• **INSTRUCTIONS FOR THE TASK**
Set down each line from the line holding "Elegante piatto in" to the last line of the entries below, exactly, with both ends included and without pictures.

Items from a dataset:
>>>

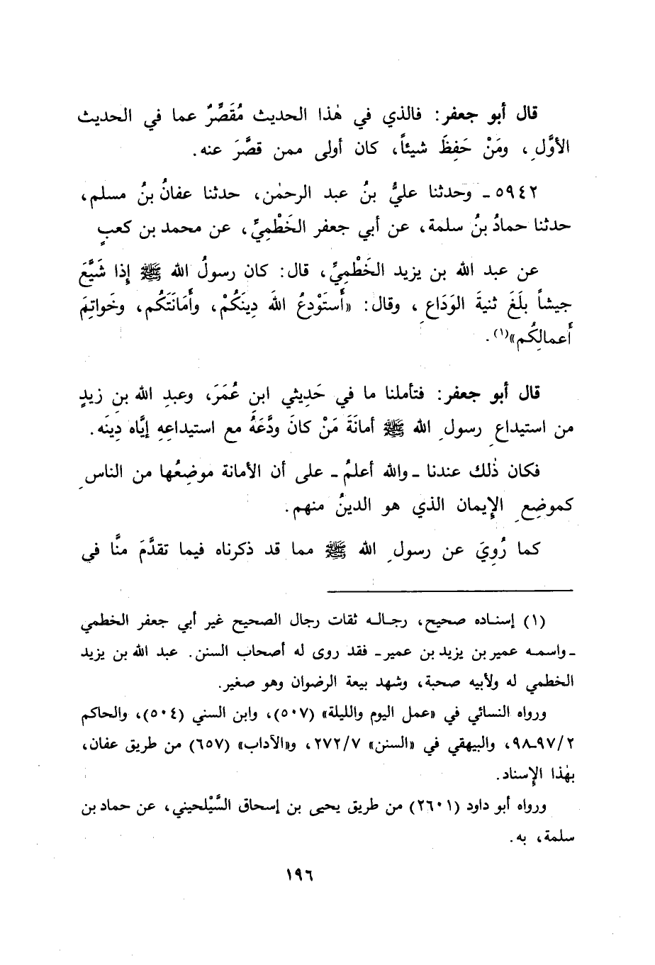 5942 - وَحَدَّثَنَا عَلِيُّ بْنُ عَبْدِ الرَّحْمَنِ، حَدَّثَنَا عَفَّانُ بْنُ مُسْلِمٍ، حَدَّثَنَا حَمَّادُ بْنُ سَلَمَةَ، عَنْ أَبِي جَعْفَرٍ الْخَطْمِيِّ، عَنْ مُحَمَّدِ بْنِ كَعْبٍ، عَنْ عَبْدِ اللهِ بْنِ يَزِيدَ الْخَطْمِيِّ قَالَ: كَانَ رَسُولُ اللهِ صَلَّى اللَّهُ عَلَيْهِ وَسَلَّمَ إِذَا شَيَّعَ جَيْشًا بَلَغَ ثَنِيَّةَ الْوَدَاعِ، وَقَالَ: " أَسْتَوْدِعُ اللهَ دِينَكُمْ، وَأَمَانَتَكُمْ، وَخَوَاتِمَ أَعْمَالِكُمْ " قَالَ أَبُو جَعْفَرٍ: فَتَأَمَّلْنَا مَا فِي حَدِيثَيْ ابْنِ عُمَرَ، وَعَبْدِ اللهِ بْنِ زَيْدٍ، مِنِ اسْتِيدَاعِ رَسُولِ اللهِ صَلَّى اللَّهُ عَلَيْهِ وَسَلَّمَ أَمَانَةَ مَنْ كَانَ وَدَّعَهُ، مَعَ اسْتِيدَاعِهِ إِيَّاهُ دِينَهُ. فَكَانَ ذَلِكَ عِنْدَنَا، وَاللهُ أَعْلَمُ، عَلَى أَنَّ الْأَمَانَةَ مَوْضِعُهَا مِنَ النَّاسِ كَمَوْضِعِ الْإِيمَانِ الَّذِي هُوَ الدِّينُ مِنْهُمْ. كَمَا رُوِيَ عَنْ رَسُولِ اللهِ صَلَّى اللَّهُ عَلَيْهِ وَسَلَّمَ مِمَّا قَدْ ذَكَرْنَاهُ فِيمَا تَقَدَّمَ مِنَّا فِي -[197]- كِتَابِنَا هَذَا مِنْ قَوْلِهِ: " لَا إِيمَانَ لِمَنْ لَا أَمَانَةَ لَهُ ". فَكَانَ الْإِيمَانُ الَّذِي هُوَ وُجُودُ الدِّينِ إِنَّمَا يَكُونُ عِنْدَ الْأَمَانَةِ، وَيَنْتَفِي عِنْدَ عَدَمِهَا. فَعَقَلْنَا بِذَلِكَ أَنَّهَا جُعِلَتْ كَهُوَ، وَأَنَّهَا مُضَمَّنَةٌ بِهِ، وَأَنَّهُ مُضَمَّنٌ بِهَا، فَاسْتَوْدَعَهُ كَمَا اسْتَوْدَعَ اللهَ جَلَّ جَلَالُهُ دِينَهُ، وَبِاللهِ التَّوْفِيقُ
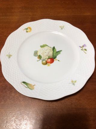 Elegante piatto in porcellana Herend, con un delicato motivo floreale e vegetale dipinto a mano. - Motivo centrale con cavolfiore, pomodori e altre verdure. - Bordi ondulati con decorazioni a rilievo. - Piccoli fiori e foglie sparsi sul bordo. -diametro cm 20,8
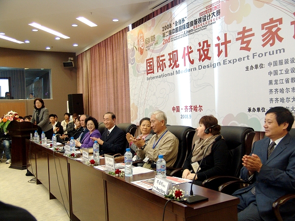 9月28日上午9:30,由中国服装设计师协会、中国工业设计协会、黑龙江省教育厅、齐齐哈尔市人民政府和我校主办,由我校艺术学院和金鼎亚麻集团有限公司承办的2008“金鼎杯”第二届中国国际亚麻服装设计大赛暨国际现代设计专家论坛在我校新落成的国际学术交流中心四楼会议室开幕。
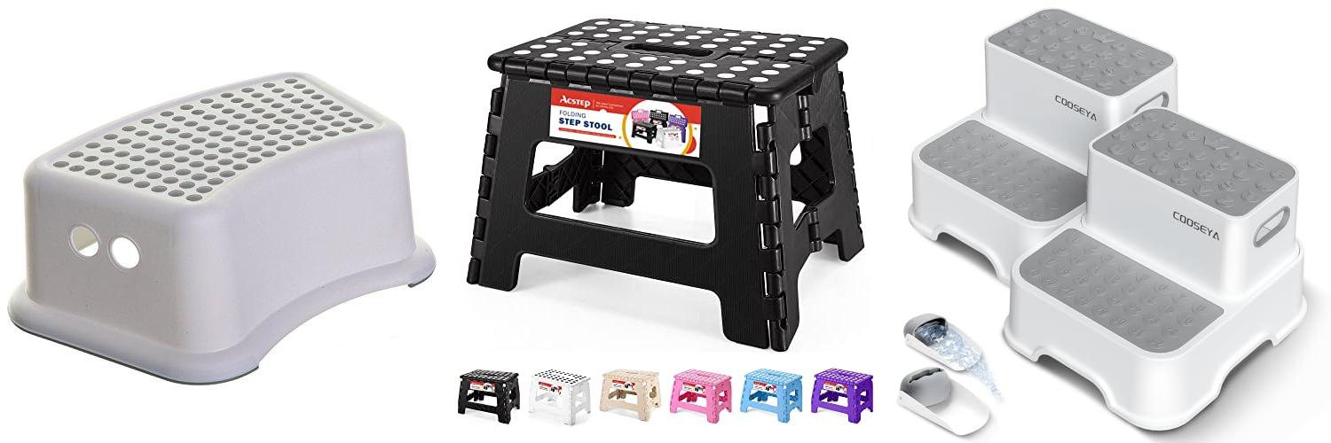 A: One-step stools are good for very young children or for reaching low items. Two-step stools are more versatile for reaching sinks, counters, and shelves.
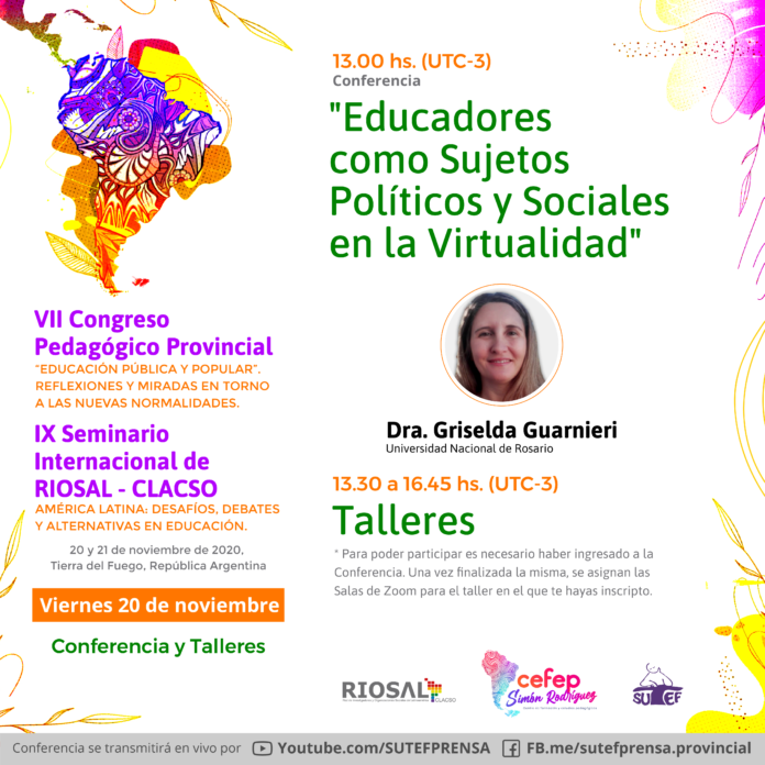 En el Congreso Pedagógico Provincial y Seminario Internacional organizados por SUTEF-Cefep y RIOSAL-CLACSO se destacan las 12 salas de los talleres del Congreso Provincial y las 5 salas de los talleres del Seminario Internacional donde la docencia fueguina, quien construyó la pedagogía en esta pandemia, podrá participar activamente y dejar un registro de sus experiencias, plasmando su perspectiva en la construcción de las nuevas normalidades educativas para el futuro.
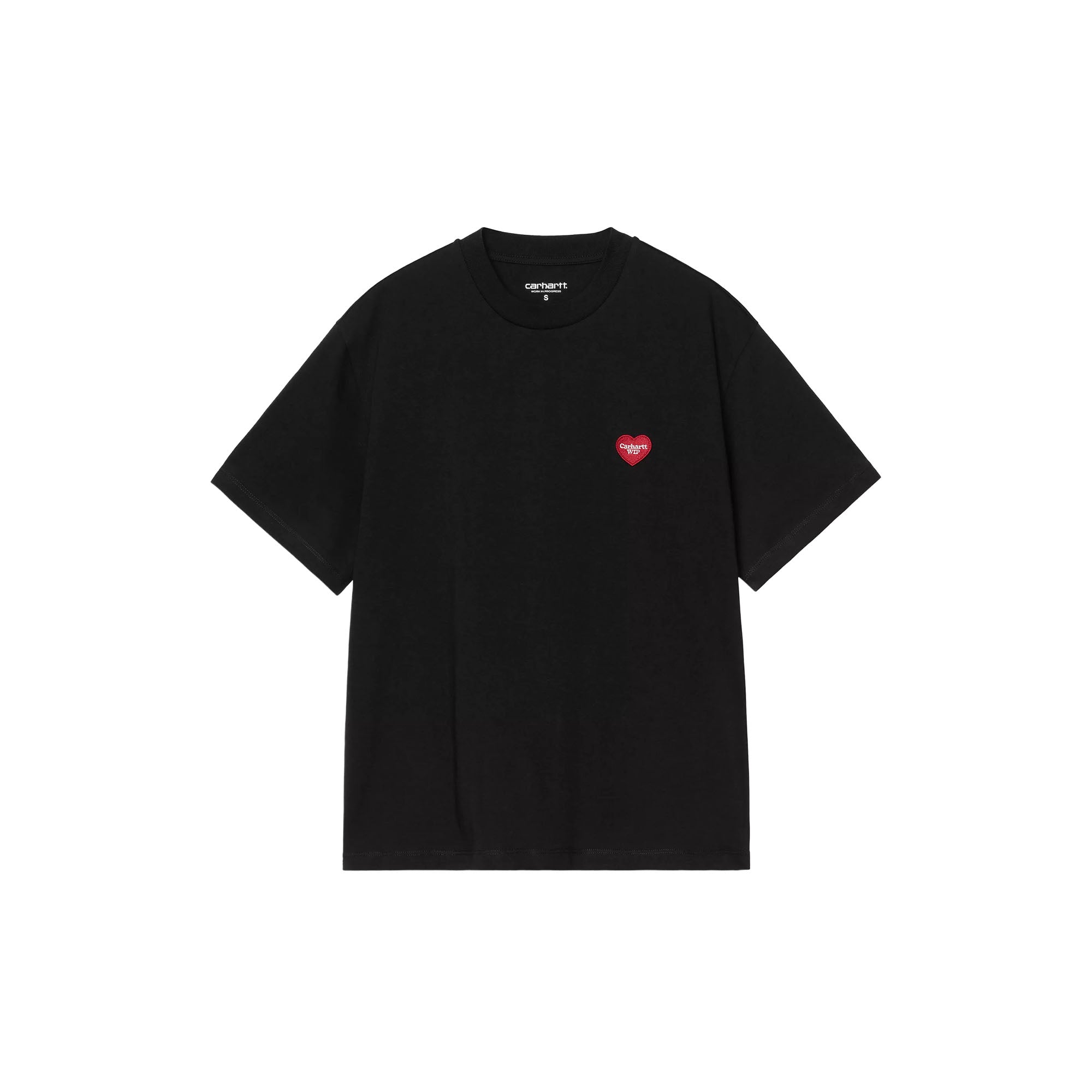 The Women's S/S Heart Patch T-Shirt is made of lightweight organic cotton jersey and features a loose fit. The T-shirt is embellished with an embroidered heart-shaped insert on the chest.
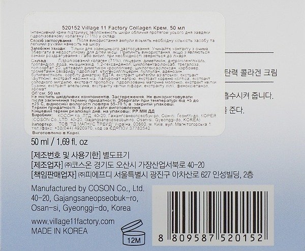 Зволожуючий крем для обличчя Village 11 Factory з колагеном 50мл

<<<

• **WRITTEN SOLUTION**
 Elegante piatto in porcellana Herend, con un delicato motivo floreale e vegetale dipinto a mano. - Motivo centrale con cavolfiore, pomodori e altre verdure. - Bordi ondulati con decorazioni a rilievo. - Piccoli fiori e foglie sparsi sul bordo. -diametro cm 20,8
 9月28日上午9:30,由中国服装设计师协会、中国工业设计协会、黑龙江省教育厅、齐齐哈尔市人民政府和我校主办,由我校艺术学院和金鼎亚麻集团有限公司承办的2008“金鼎杯”第二届中国国际亚麻服装设计大赛暨国际现代设计专家论坛在我校新落成的国际学术交流中心四楼会议室开幕。
 A: One-step stools are good for very young children or for reaching low items. Two-step stools are more versatile for reaching sinks, counters, and shelves.
 En el Congreso Pedagógico Provincial y Seminario Internacional organizados por SUTEF-Cefep y RIOSAL-CLACSO se destacan las 12 salas de los talleres del Congreso Provincial y las 5 salas de los talleres del Seminario Internacional donde la docencia fueguina, quien construyó la pedagogía en esta pandemia, podrá participar activamente y dejar un registro de sus experiencias, plasmando su perspectiva en la construcción de las nuevas normalidades educativas para el futuro.
 The Women's S/S Heart Patch T-Shirt is made of lightweight organic cotton jersey and features a loose fit. The T-shirt is embellished with an embroidered heart-shaped insert on the chest.
 Зволожуючий крем для обличчя Village 11 Factory з колагеном 50мл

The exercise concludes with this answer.